Un aspetto distintivo del concerto sarà il ritorno all’essenzialità musicale, un richiamo all’epoca in cui Cocciante era accompagnato dalla sua band rock. “A Verona non baserò tutto sull’orchestra, voglio fare un passo indietro, ritornare a come facevamo le canzoni,” ha affermato, rivelando la sua intenzione di offrire un’esperienza autentica e concreta al pubblico.

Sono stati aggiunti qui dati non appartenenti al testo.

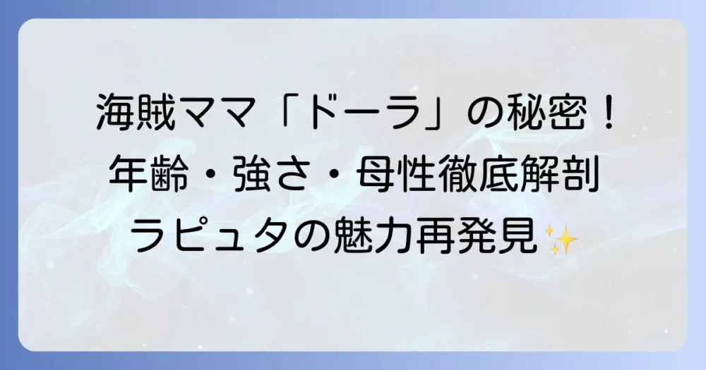 スタジオジブリの名作「天空の城ラピュタ」に登場する、豪快で情に厚い海賊の女頭領ドーラ。彼女は多くのファンから「海賊ママ」の愛称で親しまれ、その圧倒的な存在感… -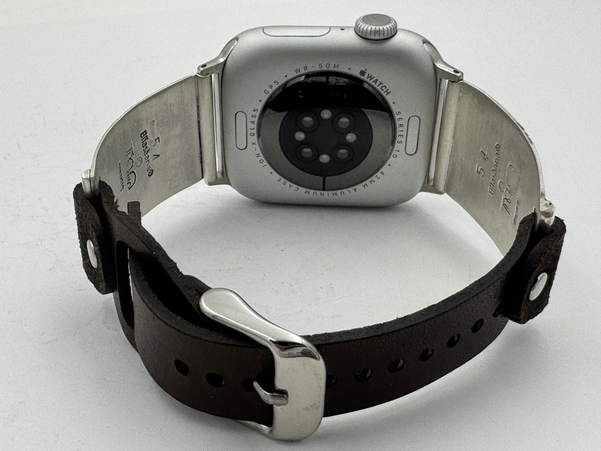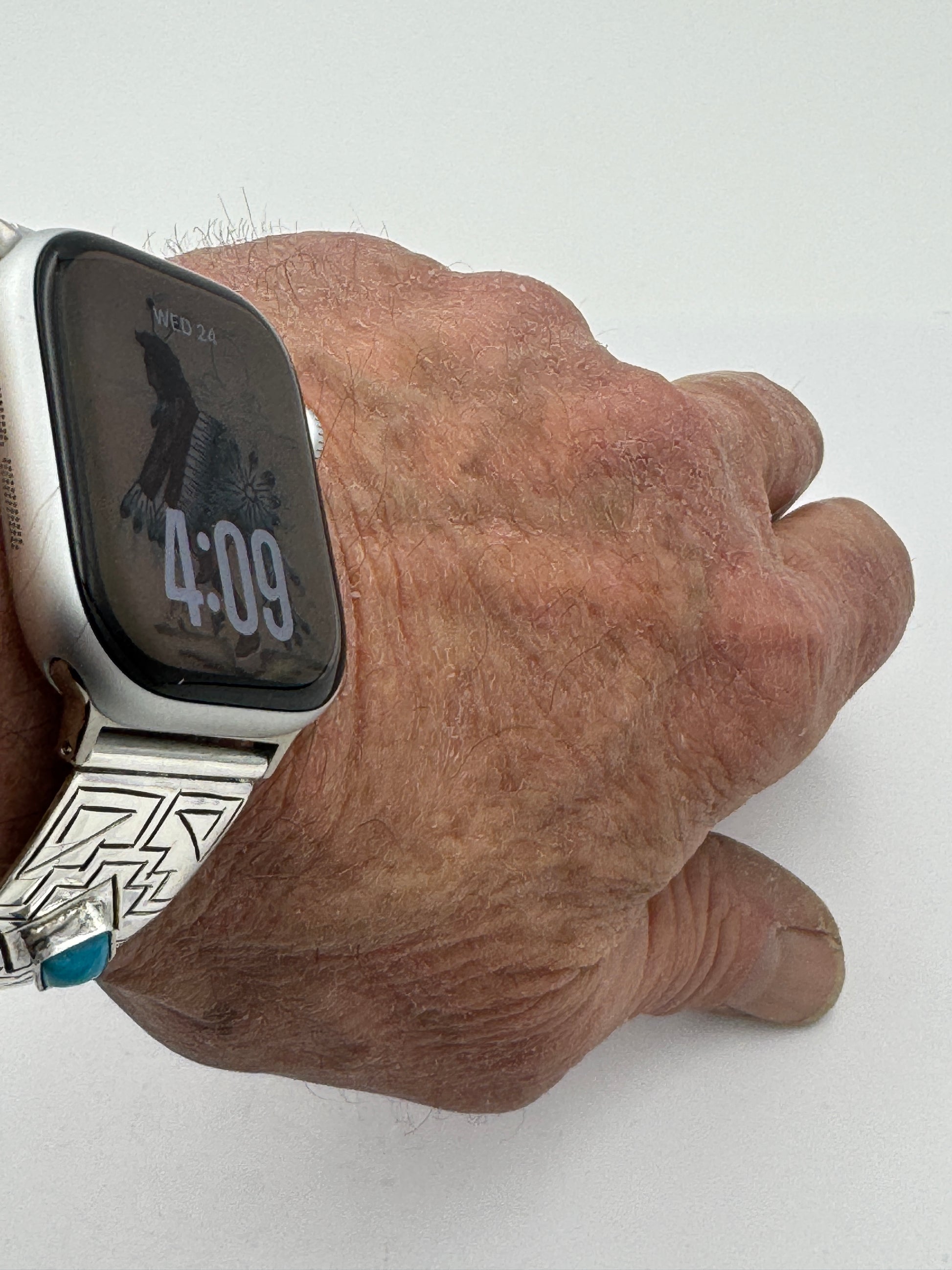 This purchase includes Handcrafted Native American Sterling Silver watch tips with a Riveted Leather band for Apple Watch Series 1 38mm thru Series 9 41mm and Series 10 42mm. The Apple Watch 38/40/41/42mm is not included.

Il concerto rappresenta anche un momento di connessione con il pubblico, un dialogo diretto che va oltre il semplice spettacolo. Cocciante ha espresso una critica alla superficialità che a volte caratterizza le esibizioni contemporanee, ribadendo che sul palco si va per condividere un’anima, un pensiero, e non solo l’aspetto fisico. “Il concerto è parlare con il pubblico, è uno scambio,” ha concluso, lasciando intendere che la musica deve sempre essere un’esperienza interattiva e profonda.
La storia di Anima
“Questo disco ha aperto delle porte che non avevo prima, ho rotto anche dei muri,” afferma Riccardo Cocciante riguardo a Anima, il suo terzo album. L’artista racconta il suo percorso, evidenziando come i suoi primi due dischi, Mu e Poesia, siano stati caratterizzati da una fase di sperimentazione. “Nella discografia di allora si aveva la possibilità di sbagliare”, spiega, enfatizzando il contesto musicale degli anni ’70, in cui molti colleghi avevano l’opportunità di provare senza il peso dell’aspettativa immediata di successo. Oggi, afferma, “bisogna fare centro subito con un disco e a volte con una canzone, ma una canzone non basta; non narra niente dell’artista.”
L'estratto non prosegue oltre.